Data records
[Start of section]

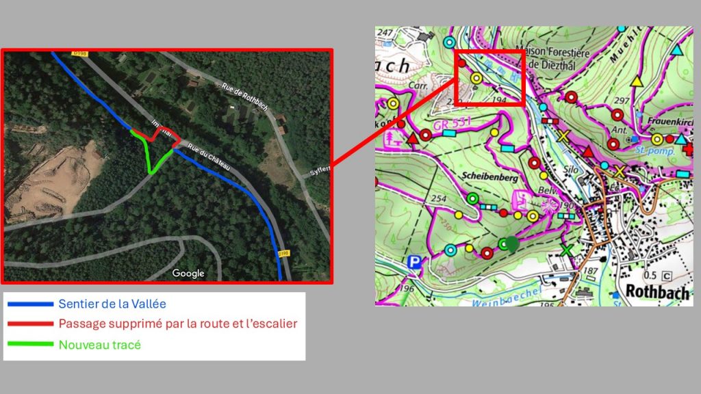 En venant de Rothbach, il faudra monter sur la gauche la route de la carrière sur 30m puis tourner à droite en contournant le bassin de rétention afin de rejoindre l’ancien tracé au-dessus de l’ancien escalier.
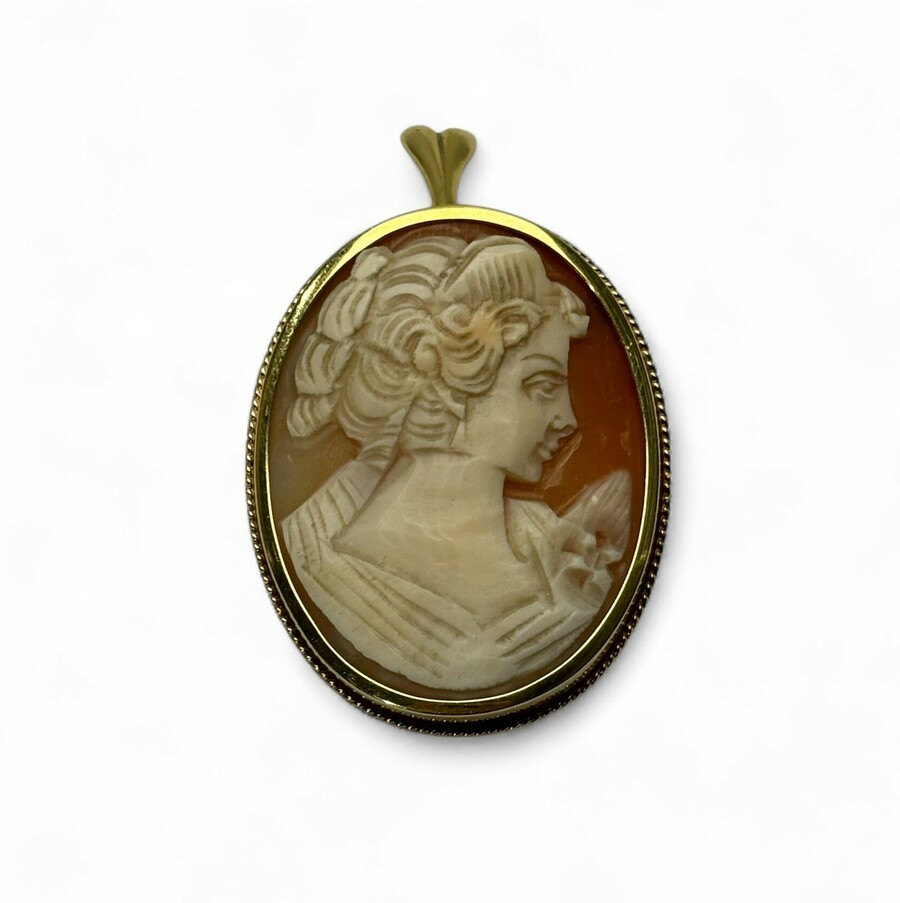 Een 20e eeuwse camee broche in gouden montuur
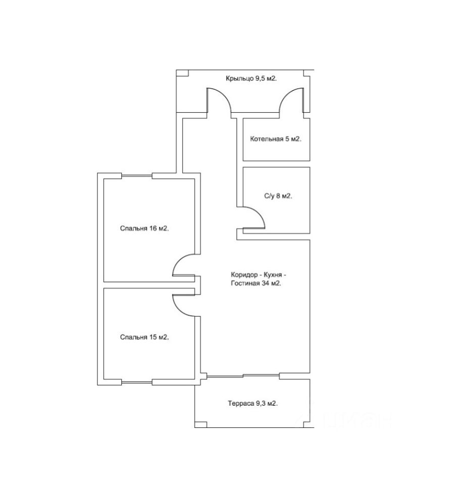- Коридор, Просторная кухня, Гостиная с выходом на террасу (34 м2)
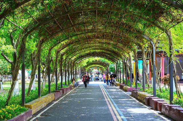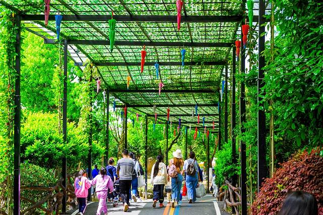 走进乐园,一条条绿色长廊出现在眼前,长廊两侧就是各种游玩项目,这种设计对于游客来说简直不要太赞,再也不怕顶着大太阳逛乐园了,游玩过还可以在绿色长廊下休憩。
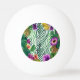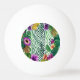 Das Bild zeigt ein lebendiges Mosaik aus üppigen Monstera-Blättern in sattem Grün und Gelb, kombiniert mit prächtigen purpur- und orangefarbenen Blumen, die sich vor einem dynamischen, wellenartigen Hintergrund abheben. Es strahlt eine wilde, tropische Energie und eine fröhliche Fülle aus, die Neugier und Naturverbundenheit weckt.

[End of section]

_WHAT TO DO_
Reproduce every record verbatim, please. Omit the images.

_ANSWER BELOW_
 En venant de Rothbach, il faudra monter sur la gauche la route de la carrière sur 30m puis tourner à droite en contournant le bassin de rétention afin de rejoindre l’ancien tracé au-dessus de l’ancien escalier.
 Een 20e eeuwse camee broche in gouden montuur
- Коридор, Просторная кухня, Гостиная с выходом на террасу (34 м2)
 走进乐园,一条条绿色长廊出现在眼前,长廊两侧就是各种游玩项目,这种设计对于游客来说简直不要太赞,再也不怕顶着大太阳逛乐园了,游玩过还可以在绿色长廊下休憩。
 Das Bild zeigt ein lebendiges Mosaik aus üppigen Monstera-Blättern in sattem Grün und Gelb, kombiniert mit prächtigen purpur- und orangefarbenen Blumen, die sich vor einem dynamischen, wellenartigen Hintergrund abheben. Es strahlt eine wilde, tropische Energie und eine fröhliche Fülle aus, die Neugier und Naturverbundenheit weckt.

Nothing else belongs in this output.